I know. I don't even know. It it doesn't matter what field. The Internet is filled with experts now, and they are glad to share their opinion and thoughts in the blink of an eye to let everybody know how it is. And the problem is the people eat it up and just keep the cycle going.
We've got a whole bunch of people who know nothing about nothing, all talking about the nothings they know nothing about. That's right. And it just never ends. And you're the expert. Shut them down with facts and logic.
That's right. I am I am a expert in many, many fields. So I'll bring you my sports report here in a minute. Sure. Go for it.
You know, since I know everything about that. You see ESPN the Ocho coming back? I'm excited for that. What's that again? Is that where they do crap like excel spreadsheets?
Yeah. You know, all these The dodgeball championship, robot wars, all that fun stuff. You know what? At at least it's they're having fun. Yeah.
Alright. I got no problem with the Ocho. No problem with that at all. Alright. Let's talk about the smirking man on an airplane who well, he ended up in jail.
What a nightmare this couple's relationship is. So got this guy and his girlfriend getting on a flight. Immediately, they start fighting, which is annoying. Alright? Just wanna get where you need to be.
You got people fighting on the airplane. So the guy apparently gets dumped by his girlfriend. She's like, we're done. So they start swearing at each other and he yells out, she has a bomb in her suitcase. I can just imagine being one of the other passengers on this flight.
You're like, we're never gonna get where we need to be. I really need to get out of Florida. I can't take it here anymore. And then you're stuck on that runway while they bring in the bomb detection jobs. Yeah.

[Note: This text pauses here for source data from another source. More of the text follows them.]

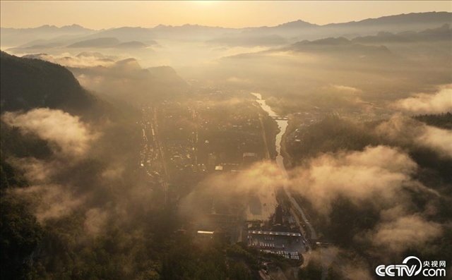 湖南張家界,武陵源景區(qū)內,朝霞、霧氣交錯疊彩,云紗霧幔的小城和群山環(huán)繞的美景交融。
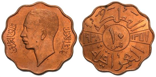 Iraq. Ghazi I. 1938. 10 fils. Choice Unc., bronze issue.
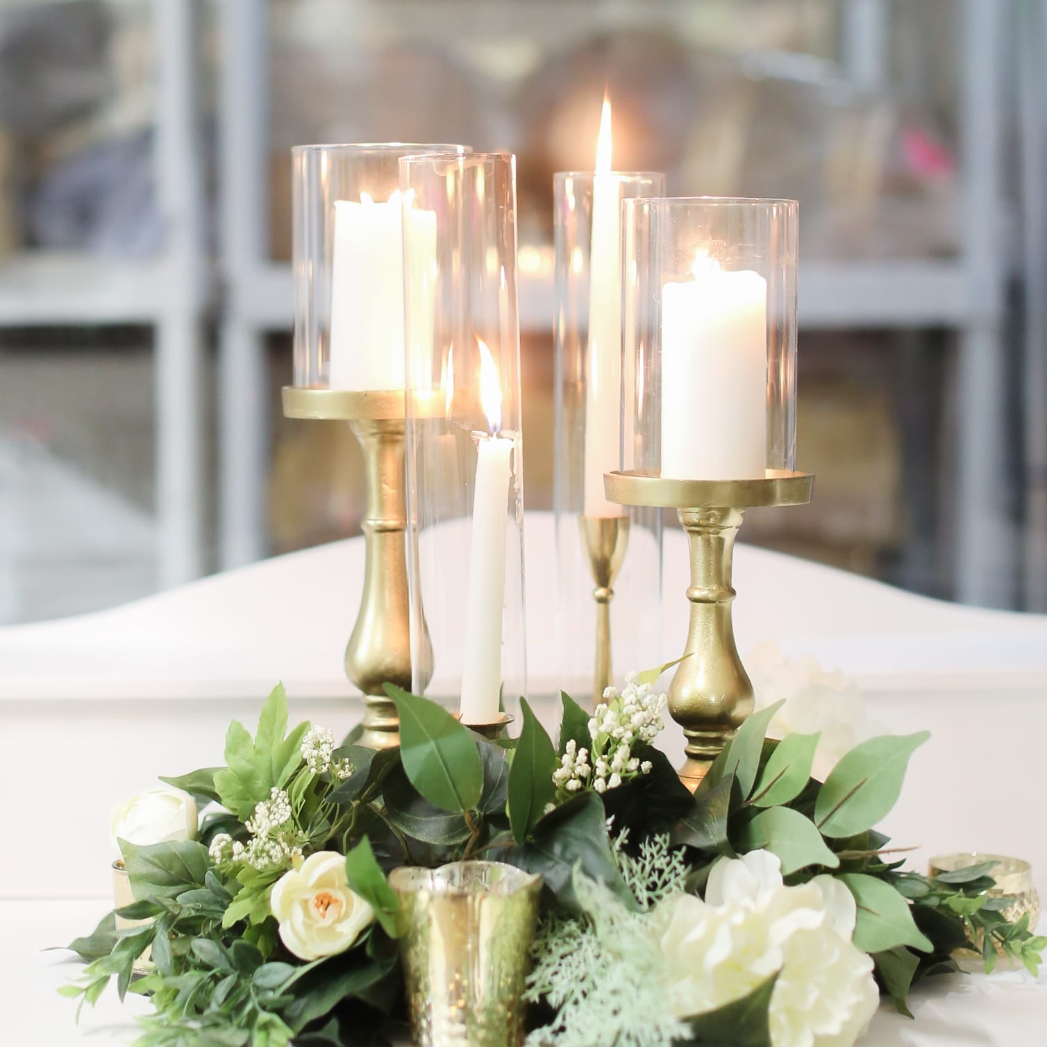 price per set of 2 x Lan Gold Candlesticks Holder Taper with Real Candle & Clear Hurricane Cover, 2 x Loisa Gold Pillar Candle Holder with Real Pillar Candle & Clear Hurricane Cover, 2 x Varied Gold Double Votive, and Greenery with Florals or Gold Accents.

So if you're in any type of situation relating to air travel, you cannot use the word bomb. K? And also, this isn't a good way to try to get your girlfriend to hook back up with you. If you start yelling she has a bomb in her suitcase on a plane, she's probably still going to want to break up with you after all of the legal issues that you have to go through when you're dragged off of this flight. And you're gonna get in trouble as well.
This guy, he's gotta pay, like, $25 in restitution. Sound like he's a habitual troublemaker looking through the article, actually, because he had a bunch of other charges as well. Alright. Listen. If your significant other steps onto an airplane and immediately starts talking about, hey.
Where can I fire up my vape in here? And if they're immediately being unhinged on an airplane, I know you're gonna wanna dump them right then and there because that's what happened here. She dumped him quick before they'd even taken off. But you you should probably wait till the end of the flight. K?
For the sake of others, and so you can get out of Florida, get where you need to be. You dump them when you get back into the airport. They can get dragged away by security when they start screaming about bombs then. And you you save everybody the hassle of having to go through all of this. Alright?
I know it's gonna be uncomfortable to have to sit there with this idiot during an entire flight. I don't know how far they were going. But for the sake of your fellow passengers, do anything you can to to think about everybody else. Sometimes you can't put yourself first. Alright.
Guess we could take a little look at rock and metal news. See what's going on. Mastodon's Bran Dailer says we've just been working hard making 2 different projects. Interesting. Not a lot of details going on, but apparently, 2 new mastodon projects, and it's not a double album.
Alright. I'm I'm guessing, what, a rerecorded version of an album or a Christmas album? No. No. Come on, mastodon.
Not gonna be dropping a Christmas album. Right? Super proggy. Maybe that's just what Christmas needs. It's probably like an acoustic album and one normal mastodon album.
I don't know. All that he'll say is there are riffs involved. Well, no kidding. It's Mastodon. I would assume there will be riffs.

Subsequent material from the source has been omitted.